Iles has been the Anne & Joel Ehrenkranz Curator of film and video at the Whitney Museum of American Art since 1997.
At the Museum, Iles has organized retrospectives of Dan Graham,[5] Claes Oldenburg,[6] Paul McCarthy,[7] Alan Michelson, Sharon Hayes, Jack Goldstein, and thematic group exhibitions Into the Light: The Projected Image in American Art 1964 – 1977, Riverrun, Dreamlands: Immersive Cinema and Art, as well as co-curating both the 2004[8] and 2006[9] Whitney Biennial exhibitions.
In 2001, Iles curated Into the Light: The Projected Image in American Art 1964 – 1977, the first survey exhibition of historical film and video installation in America.
The exhibition was met with broad critical acclaim; frieze's Michael Wilson called it a "triumph", lauding the "gutsy attempt by the museum's curator of film and video, Chrissie Iles, to make newly visible a critical period in the development of a now commonplace form" and pulling "off the seemingly impossible by allowing illusion to retain its power while simultaneously revealing its source.

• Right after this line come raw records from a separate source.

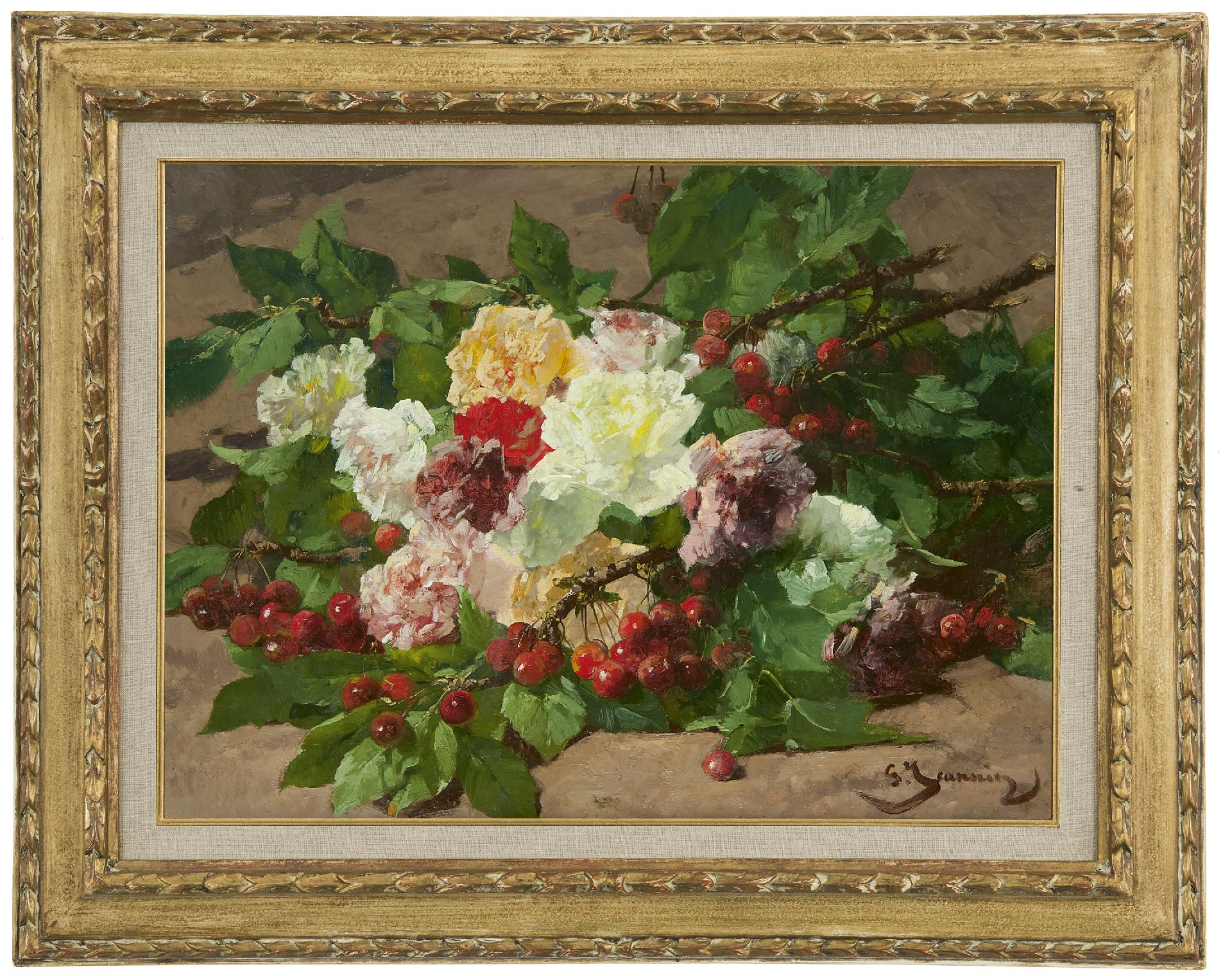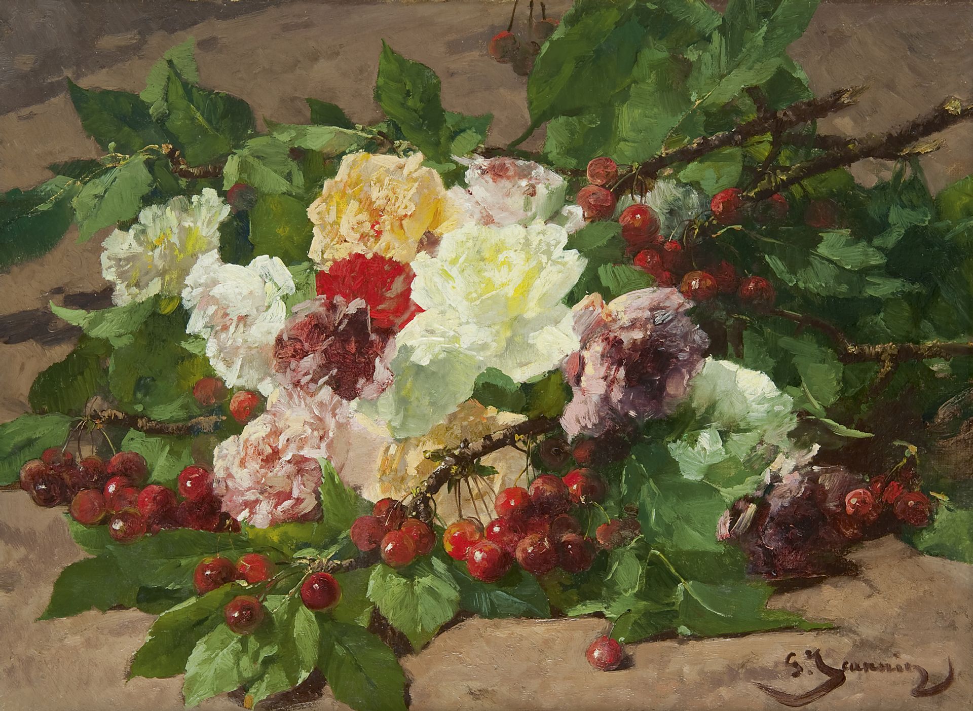 Georges Jeannin kunstwerk • schilderij • voorheen te koop Kersentakken en rozen op de bosgrond
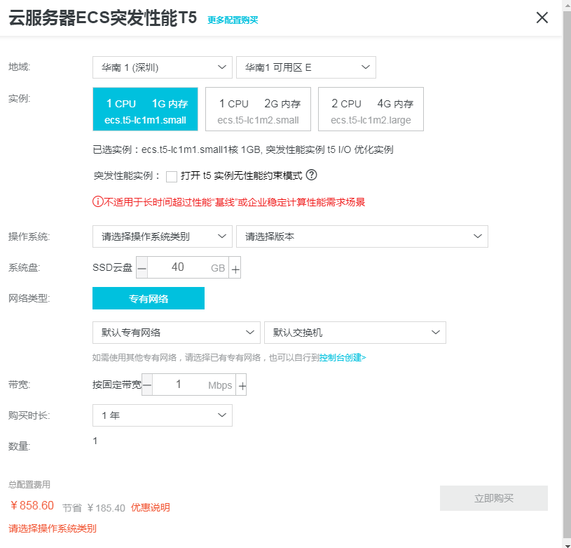 对于在校大学生或者上班族其实自己只是为了技术的一个积累和提升,自己完全可以买一个1G一核的突发性ESC实例就可以了,一年800多,一个月60多块钱,见下图
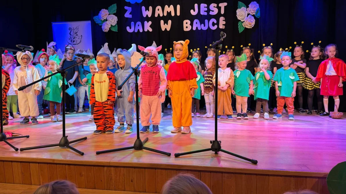 Dzieci, przebrane za postacie z bajek m.in. smerfy, krasnoludki i pszczółki, zachwyciły publiczność swoim pełnym entuzjazmu występem oraz uroczymi strojami. Maluchy zaprezentowały piękne piosenki, taneczne układy oraz wiersze dedykowane swoim kochanym rodzicom. Ich zaangażowanie i radość były widoczne na każdym kroku, sprawiając, że cała sala była oczarowana występem.
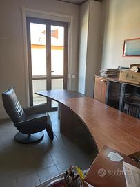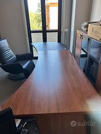 Scrivania da ufficio effetto legno in ottime condizioni, vendo per ridimensionamento locali. Composta da scrivania 200x90 e tavolino con ruote porta pc e casettiera.
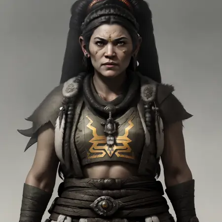 "photograph of (((female))) tk-char style warrior, highly detailed, award winning image, 16k"
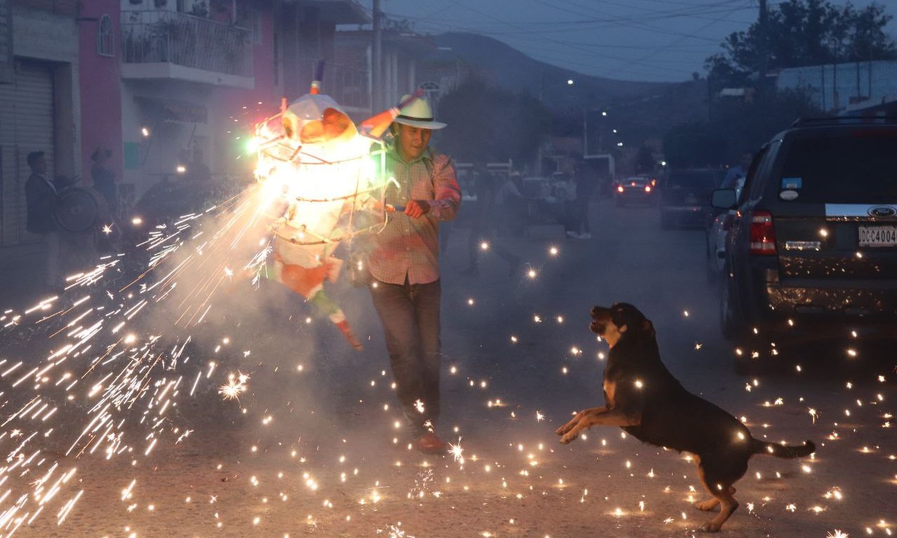En el jardín principal se reunieron los participantes para participar en la Callejoneada, quienes en un ambiente alegre y de fiesta degustaron quesos y participaron en la cata de mezcal, acompañados de la música de banda y con juegos pirotécnicos se realizó el recorrido por las principales calles de la cabecera municipal, siendo una mascota que se incorporó al espectáculo de pirotecnia y se robó la atención de los asistentes.
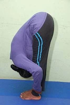 10. பாதஹஸ்தாசனம் - அடுத்தபடியாக பின்னால் இருக்கும் வலது காலையும் முன்னால் கொண்டுவந்து, இடது காலோடு சேர்த்துவைத்து குனிந்து நிற்கவும்.
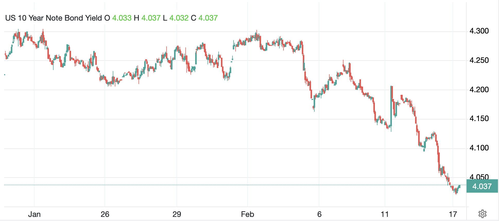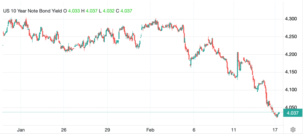 In the bond market, right now, the inflationistas are having a hard time explaining the decline in yields. Treasury yields (-2bps and back to 4.03%) have been marching lower for the past two weeks as per the below, and we have seen similar price action elsewhere.

[13] Iles has published and lectured at academic and arts institutions, including the Wexner Center for the Arts, the Whitney Independent Study Program, NYU, the Rhode Island School of Design, the School of Visual Arts—where she is on the Faculty of the Curatorial Practice Masters program[14]—and Columbia University, where she is also a visiting professor.